§ **THE DATA**
* * * *
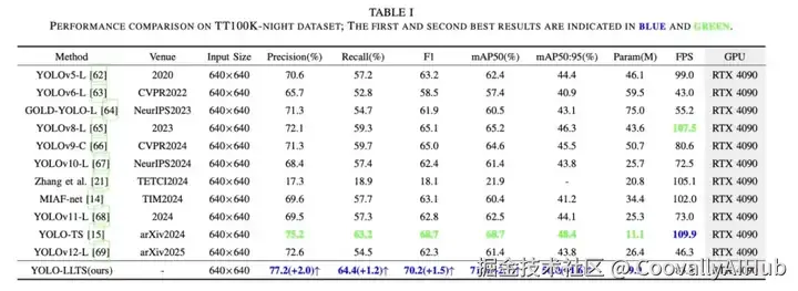 表3结果表明,在CCTSDB2021数据集上,尽管夜间训练数据占比较小,YOLO-LLTS仍以88.8%准确率(领先0.7%)、81.1%召回率(领先0.3%)及84.8 F1分数(领先0.5)全面领先。mAP50与mAP50:95分别达87.8%与57.5%,参数量10.2M时FPS高达93.6。
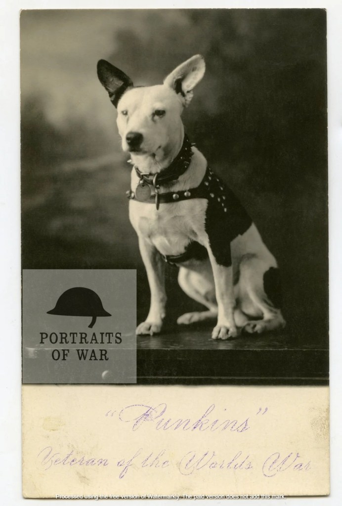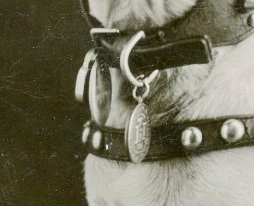 One last note – Punkins appears to be wearing an actual WWI US dog tag. Dog tags used by the US Army and Marines were primarily aluminum discs that could be hand punched with pertinent information bearing the owners name, unit, serial number and sometimes other personal touches. It looks like Punkins received a set of his own tags although the details are obscured. Note that the ridges on the left tag hole hints that they’ve been worn long enough to encounter some wear and tear. The circular tag to the right doesn’t seem to be a proverbial dog tag but some sort of other identifier or an actual DOG tag.
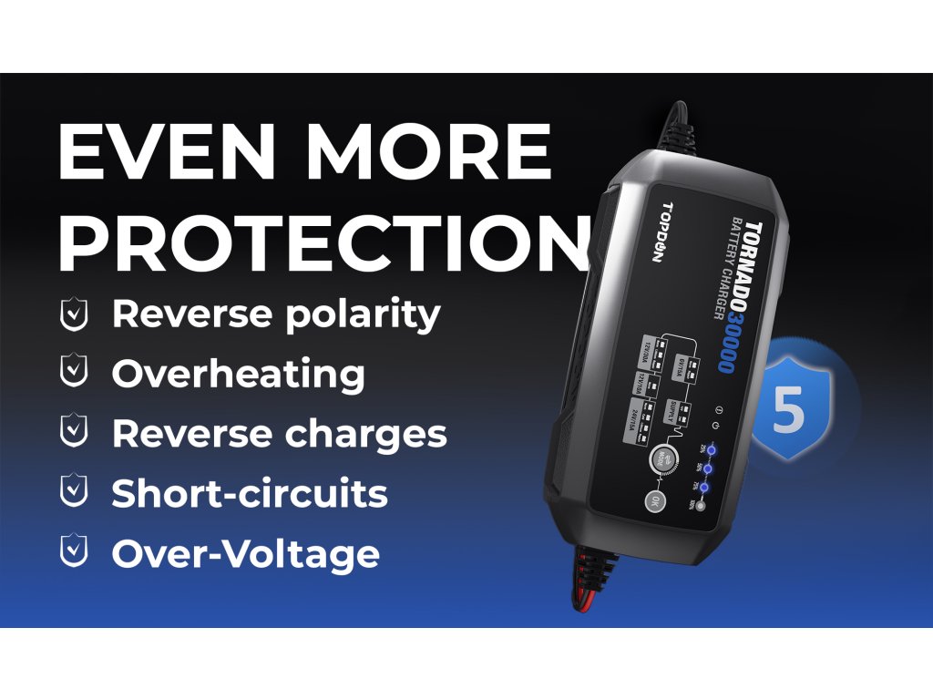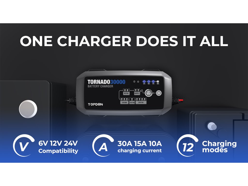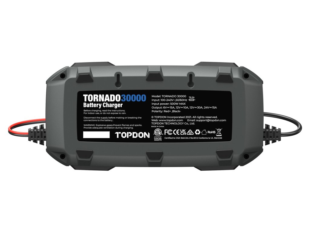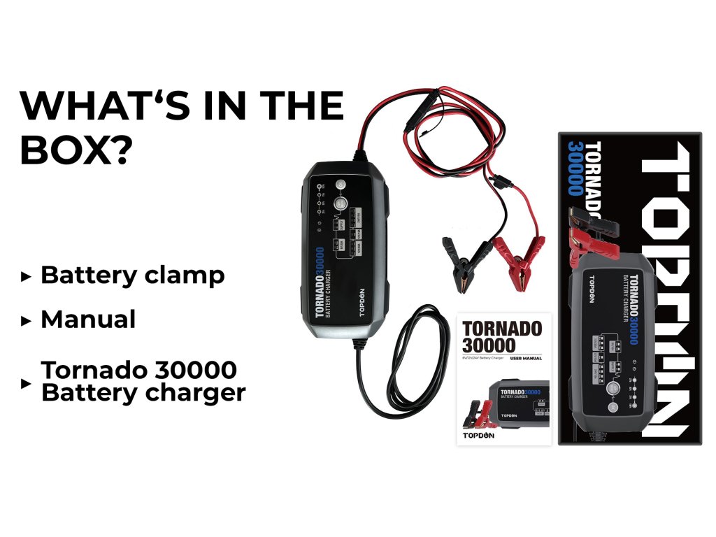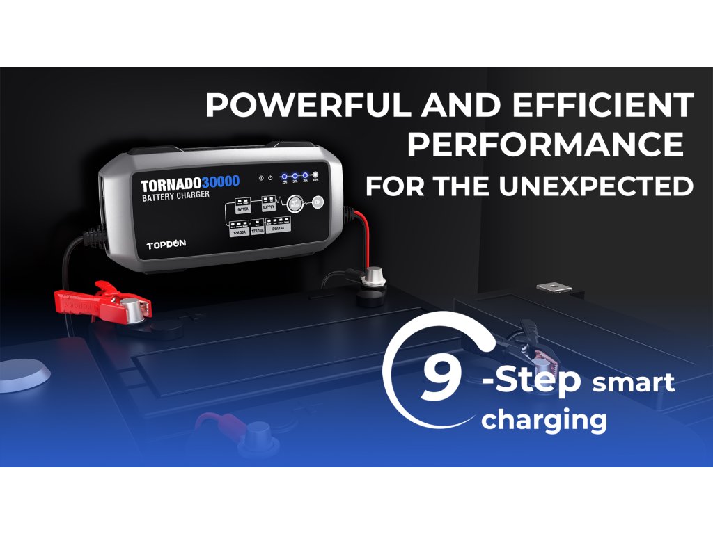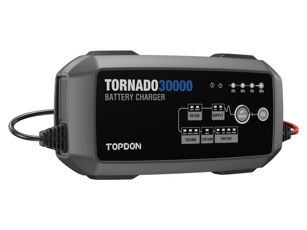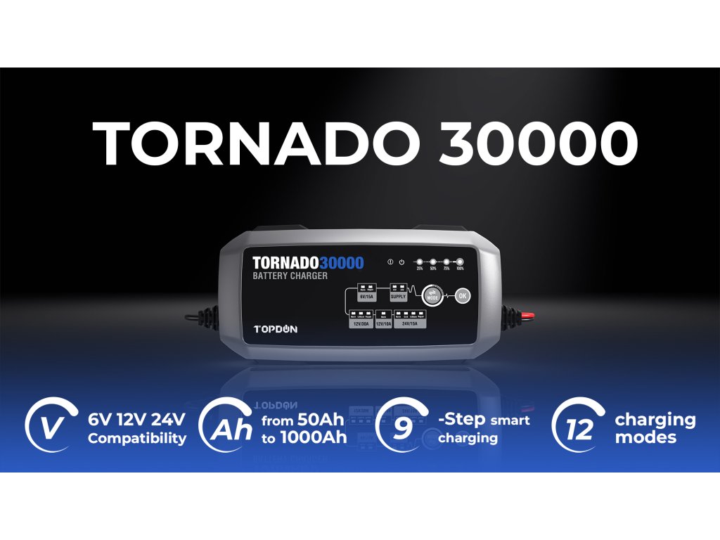 TORNADO 30000 dokáže automaticky detekovat sulfataci baterie a stratifikaci kyseliny a pomocí funkce pulzní opravy obnoví ztracený výkon baterie pro silnější startování motoru a prodloužení životnosti baterie.
* * * *
Output the line containing "One last note" and each line after it, through the end of the material, exactly as given. No pictures belong in the output.

 One last note – Punkins appears to be wearing an actual WWI US dog tag. Dog tags used by the US Army and Marines were primarily aluminum discs that could be hand punched with pertinent information bearing the owners name, unit, serial number and sometimes other personal touches. It looks like Punkins received a set of his own tags although the details are obscured. Note that the ridges on the left tag hole hints that they’ve been worn long enough to encounter some wear and tear. The circular tag to the right doesn’t seem to be a proverbial dog tag but some sort of other identifier or an actual DOG tag.
 TORNADO 30000 dokáže automaticky detekovat sulfataci baterie a stratifikaci kyseliny a pomocí funkce pulzní opravy obnoví ztracený výkon baterie pro silnější startování motoru a prodloužení životnosti baterie.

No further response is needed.